• Exercise directions
Reproduce word for word the lines from the beginning of the entries to the line with "持ち歩く際もじゃまにならない、軽量コンパクトが魅力。 欲しい時にさっと出して使えるから使いやすくて優秀アイテムです。 |", both included, but none of the pictures.
========================================
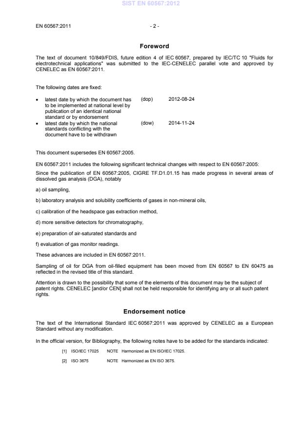 EN ISO/IEC 17050-2:2004 (IEC 60567:2011) provides guidance for the sampling and laboratory analysis of free and dissolved gases in oil-filled electrical equipment. It is intended to support reliable dissolved gas analysis (DGA) and gas-in-oil testing as part of condition monitoring and fault diagnosis for transformers, bushings, and other oil-immersed apparatus. The 2011 edition updates methods and good practice on sampling, extraction, calibration and quality control and supersedes EN 60567:2005.
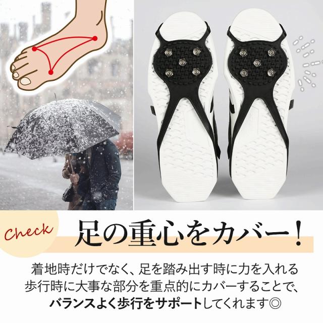 | 商品の説明 | いつもの靴につけるだけ! わざわざ専用の靴を新しく買わなくてもいつも履きなれた靴につけるだけ。 履き心地はそのままに、安全性をプラス出来ちゃいます。 安全設計5本のスパイク付! 強力な爪がたくさんついた凍結面にしっかりグリップする 5つの強力スパイクが滑りを防止。 着地時だけでなく、足を踏み出す時に力を入れる 歩行時に大事な部分を重点的に カバーすることで、バランスよく歩行をサポートしてくれます◎ スニーカーやヒールのある靴でも大丈夫。 引っ張ると伸びる素材なので、通勤通学時にさっと装着も! 使わないときはコンパクト! 持ち歩く際もじゃまにならない、軽量コンパクトが魅力。 欲しい時にさっと出して使えるから使いやすくて優秀アイテムです。 |
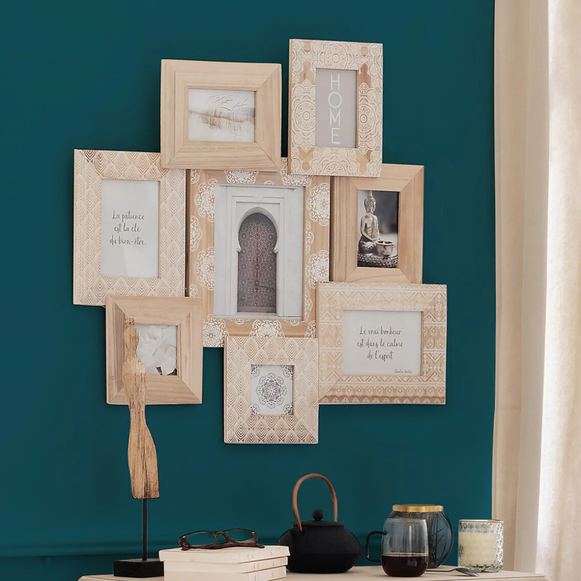 Le pêle-mêle « Emile » est composé de huit cadres en bois de paulownia, offrant des dimensions et des finitions différentes. Impossible de s’en lasser !
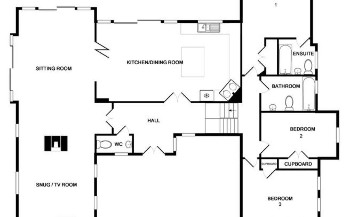 - Open plan living area with kitchen, dining area, sitting area and snug
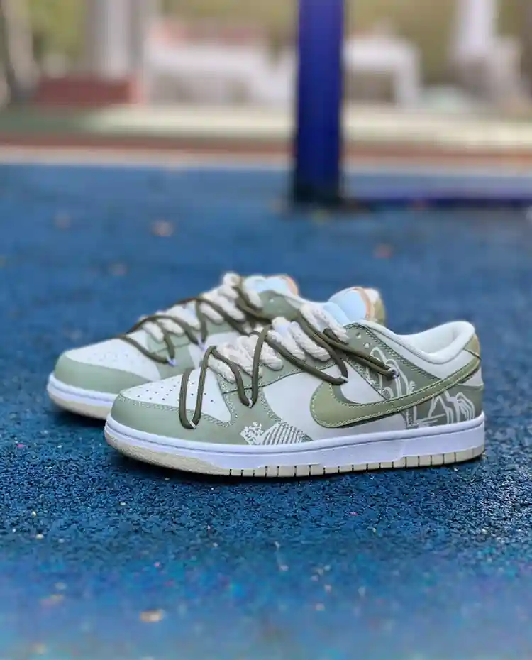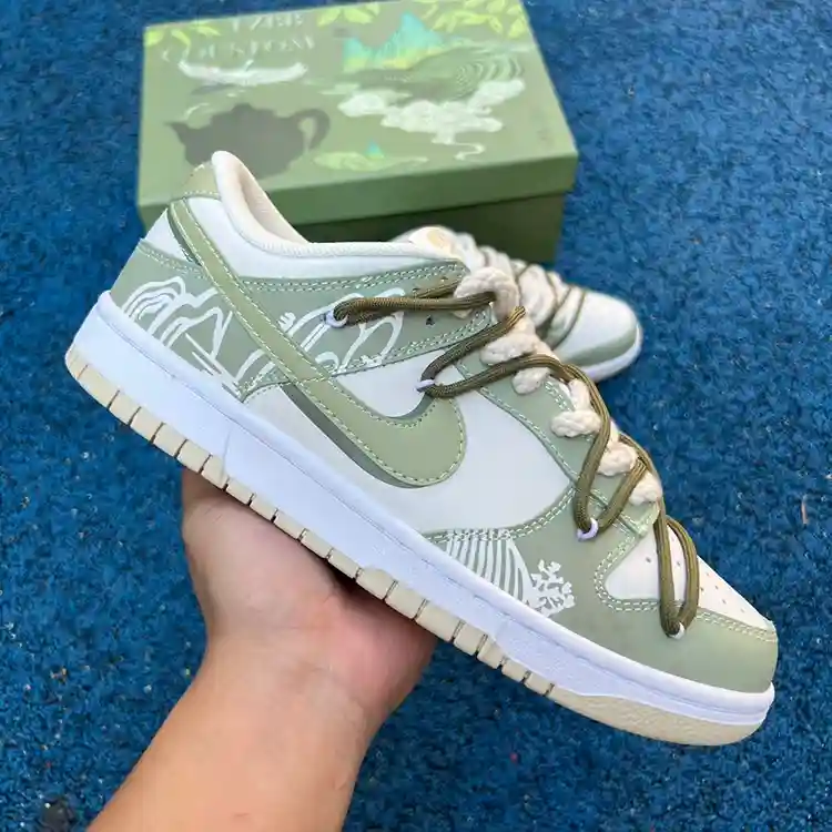 Product Description: The Nike Dunk Low “Double Swoosh Tea Set” in White/Green is a unique and stylish sneaker inspired by the elegance of traditional Chinese tea culture. This special edition release features a harmonious blend of white and green tones, reminiscent of fine Longjing tea leaves, creating a timeless look that stands out with its subtle yet distinctive design. The double Swoosh detailing adds a modern twist to this classic silhouette, making it a perfect addition to any sneaker enthusiast’s collection.
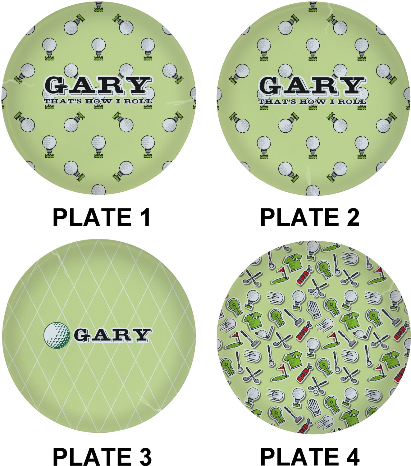 This design has a fun background that has illustrations of golf balls on a tee symmetrically placed to make a fun pattern. The main colors are a light lime green with a little dark green and white. The text is easily changed to whatever you like. The default has a place for a name as well as the phrase "that's how I roll" to get a good laugh out of your buddies. This is a fun design to use on your golfing gear.
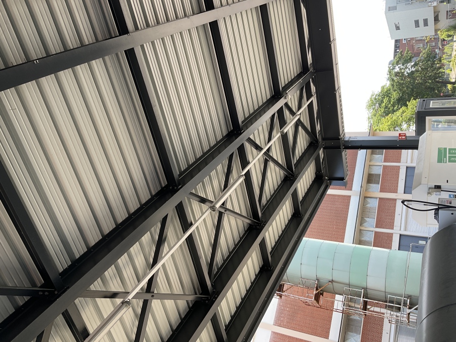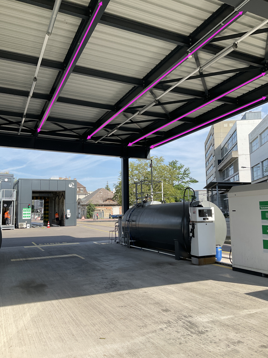| Beschreibung | Stahlträger IPE 400 S235, Oberflansch einseitig durchlöchert, bei vier Elementen angeschweisste Befestigung der Aussteifung. Beschichtet, RAL 7016. Plangrundlage Bestand siehe Minenbeschrieb.
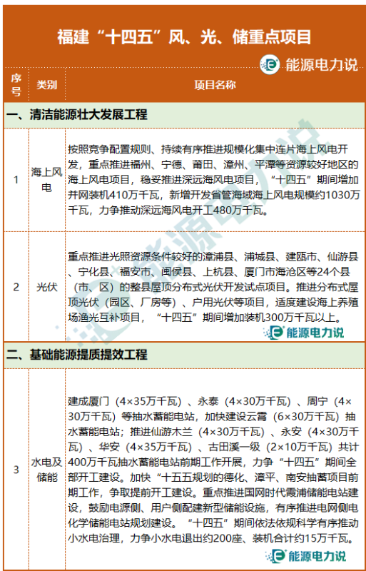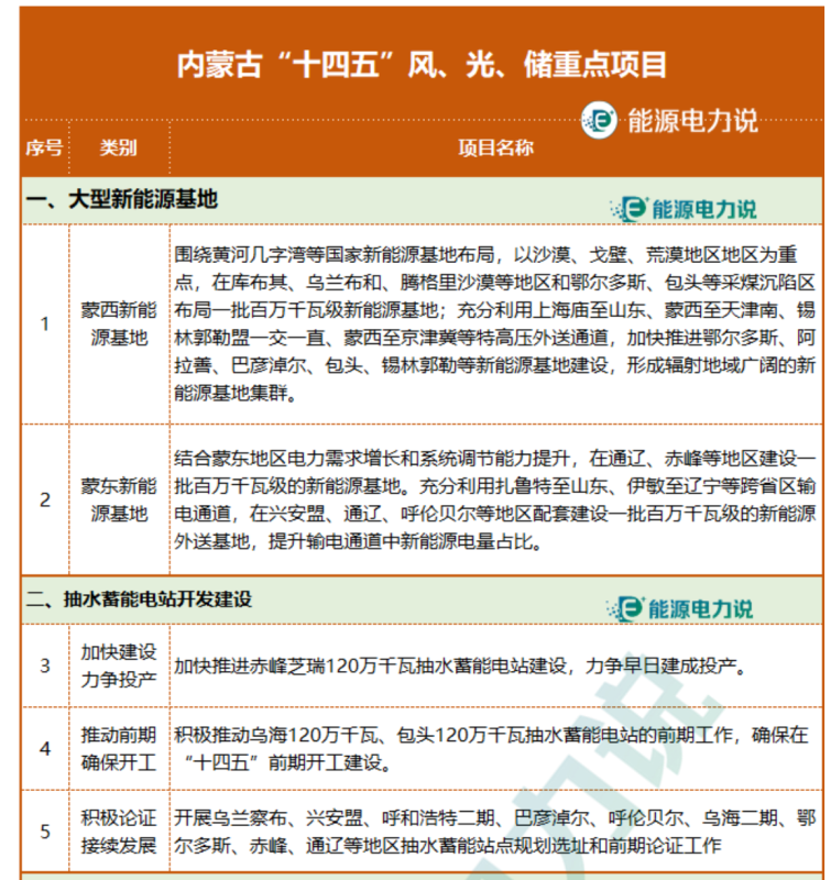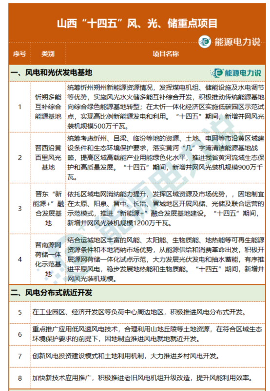 “十四五”風(fēng)、光、儲重點項目包括大型新能源基地、抽水蓄能電站開發(fā)建設(shè)、國家級新能源電力供應(yīng)保障基地、可再生能源應(yīng)用場景擴展工程、美麗鄉(xiāng)村新能源支撐工程等方向。
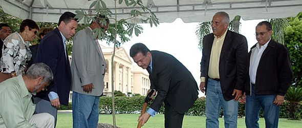 El presidente Leonel Fernández y el secretario de Estado de Medio Ambiente, Jaime David Fernández Mirabal, plantaron el sábado una ceiba pentandra en los jardines del Palacio Nacional, con motivo de celebrarse en mayo el Mes de del Árbol.
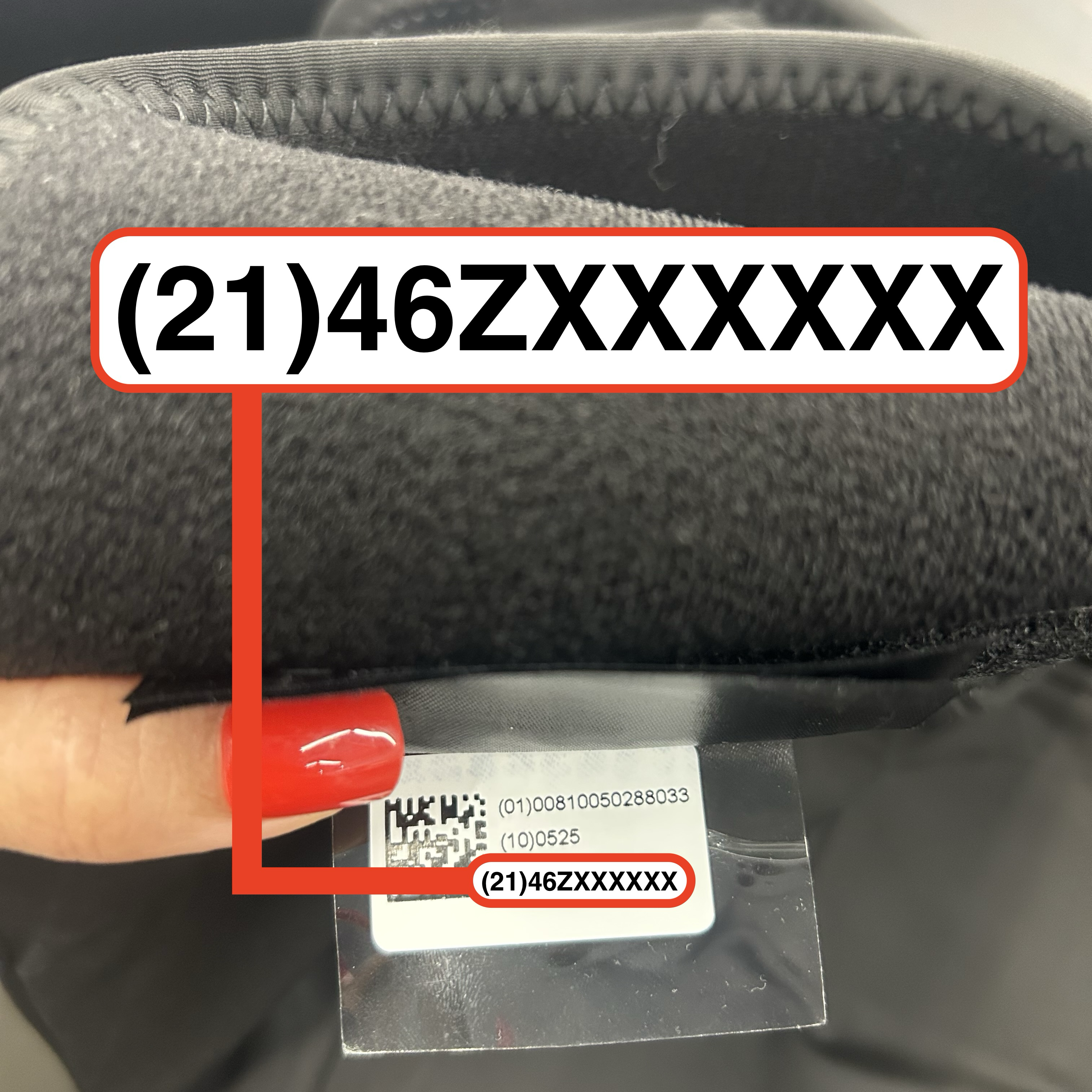 Hyperice X Knee: 9 digit number printed on the tag near the upper thigh
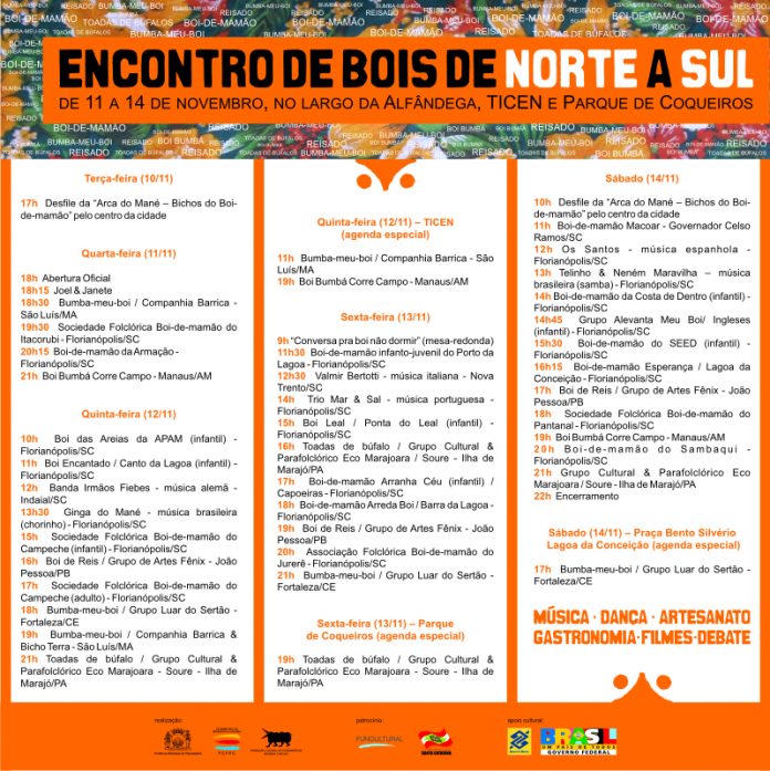Os encontros de folguedos de boi são comuns entre moradores de uma região ou entre regiões de um mesmo município, mas é a primeira vez no Brasil que acontece com abrangência nacional. Florianópolis vai receber grupos folclóricos e parafolclóricos representativos das três principais vertentes deste tipo de folguedo: boi bumbá, bumba-meu-boi e boi-de-mamão, manifestações que possuem uma mesma raiz com influências européias, africanas e indígenas.
========================================
• Completed task
 EN ISO/IEC 17050-2:2004 (IEC 60567:2011) provides guidance for the sampling and laboratory analysis of free and dissolved gases in oil-filled electrical equipment. It is intended to support reliable dissolved gas analysis (DGA) and gas-in-oil testing as part of condition monitoring and fault diagnosis for transformers, bushings, and other oil-immersed apparatus. The 2011 edition updates methods and good practice on sampling, extraction, calibration and quality control and supersedes EN 60567:2005.
 | 商品の説明 | いつもの靴につけるだけ! わざわざ専用の靴を新しく買わなくてもいつも履きなれた靴につけるだけ。 履き心地はそのままに、安全性をプラス出来ちゃいます。 安全設計5本のスパイク付! 強力な爪がたくさんついた凍結面にしっかりグリップする 5つの強力スパイクが滑りを防止。 着地時だけでなく、足を踏み出す時に力を入れる 歩行時に大事な部分を重点的に カバーすることで、バランスよく歩行をサポートしてくれます◎ スニーカーやヒールのある靴でも大丈夫。 引っ張ると伸びる素材なので、通勤通学時にさっと装着も! 使わないときはコンパクト! 持ち歩く際もじゃまにならない、軽量コンパクトが魅力。 欲しい時にさっと出して使えるから使いやすくて優秀アイテムです。 |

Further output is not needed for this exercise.